Pictures in the listing do not belong in the copy, which should repeat exactly the lines from the one holding "歯肉の状態を学年別にみると、" through the last line.
· · · ·
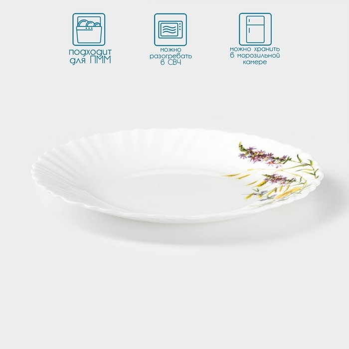 Тарелка десертная Avvir «Полевые цветы», d=19 см, стеклокерамика, цвет белый
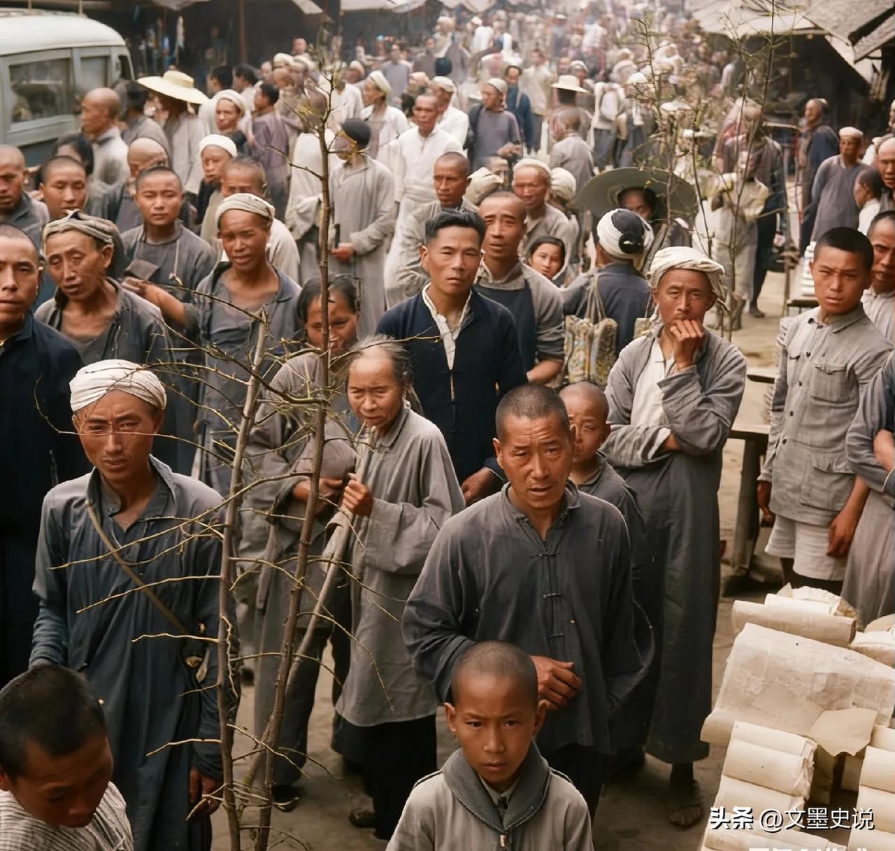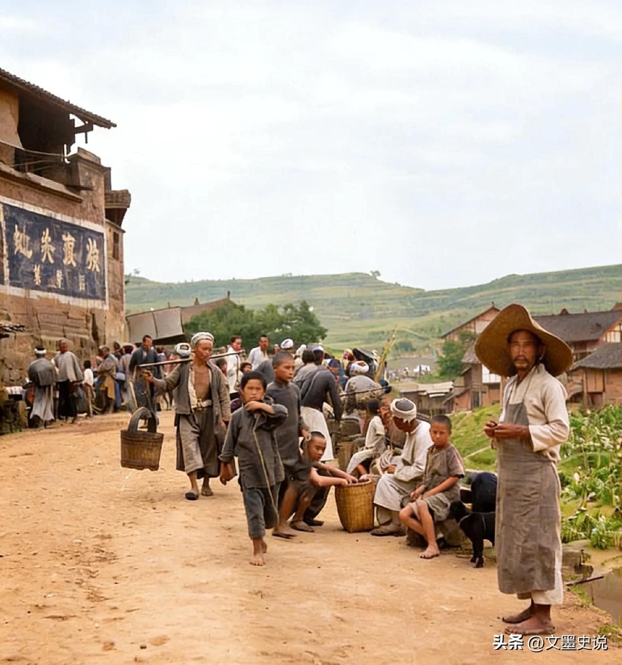 挑着担子的行人走过土坡,孩童们光着脚跑过街头;妇人蹲在河边洗衣,竹筐背在背上,水花溅湿了她的裤脚;囚笼里的人望着镜头,远处的士兵握着枪,沉默地站在原地。茶馆里,老人端着碗喝茶;巷口的药铺里,伙计站在柜台后,身后的玻璃罐里装满了零食。
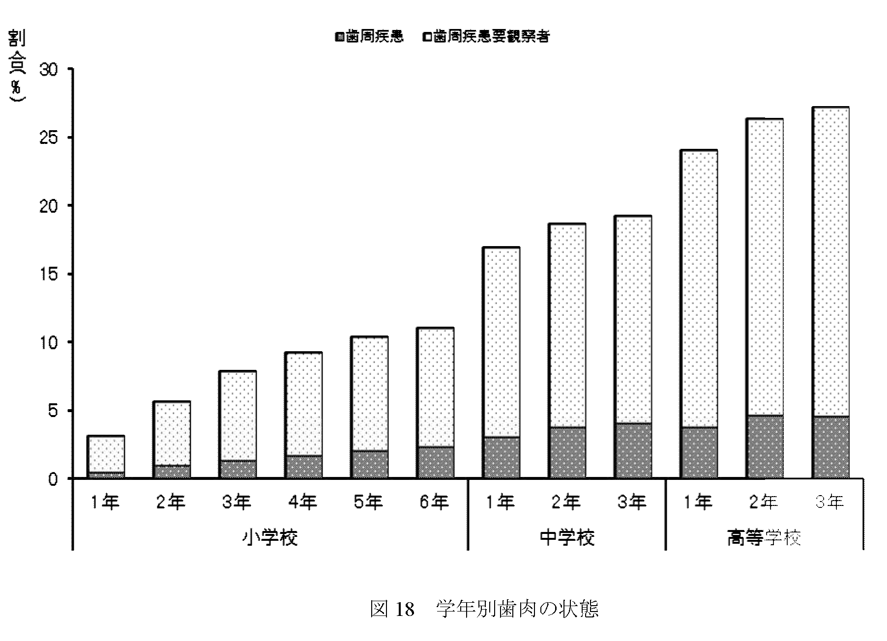 歯肉の状態を学年別にみると、歯周疾患及び歯周疾患要観察者の割合は学年が進むに従って高くなっている。 |
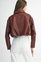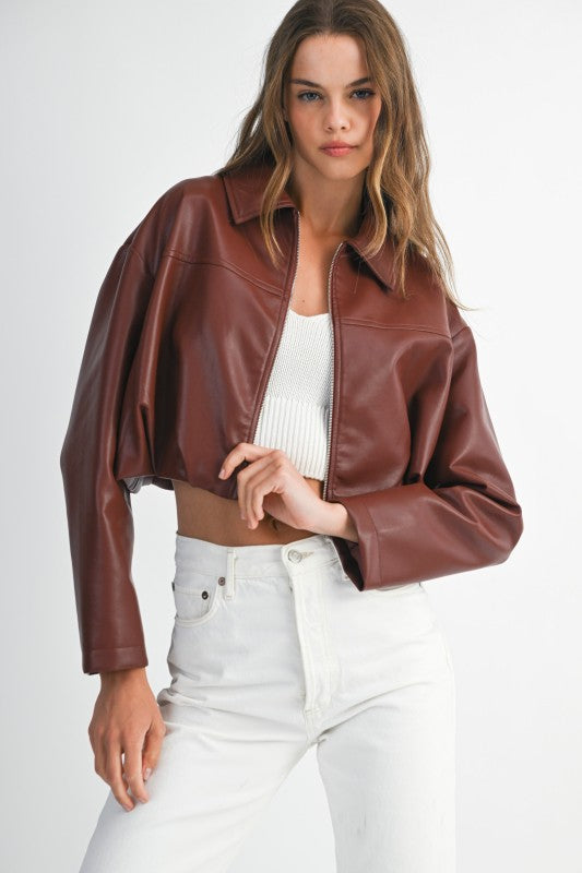 Add a bold edge to your wardrobe with this faux leather-collared cropped jacket. Featuring a pleated bubble hem and a sleek exposed front zipper, this statement piece brings structure and style in equal measure. The cropped silhouette adds a modern twist, while the faux leather collar gives it that effortlessly cool vibe. Perfect for layering over anything from dresses to denim.
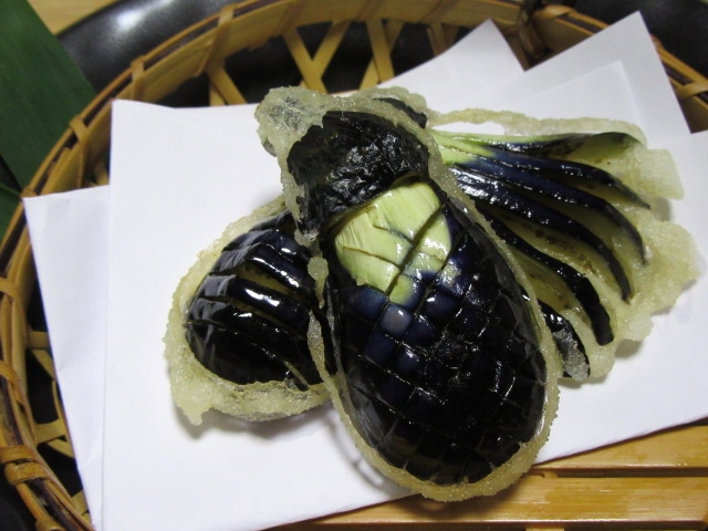 茄子の飾り切りの天ぷら。
· · · ·
> _EXPECTED OUTPUT_:
 歯肉の状態を学年別にみると、歯周疾患及び歯周疾患要観察者の割合は学年が進むに従って高くなっている。 |
 Add a bold edge to your wardrobe with this faux leather-collared cropped jacket. Featuring a pleated bubble hem and a sleek exposed front zipper, this statement piece brings structure and style in equal measure. The cropped silhouette adds a modern twist, while the faux leather collar gives it that effortlessly cool vibe. Perfect for layering over anything from dresses to denim.
 茄子の飾り切りの天ぷら。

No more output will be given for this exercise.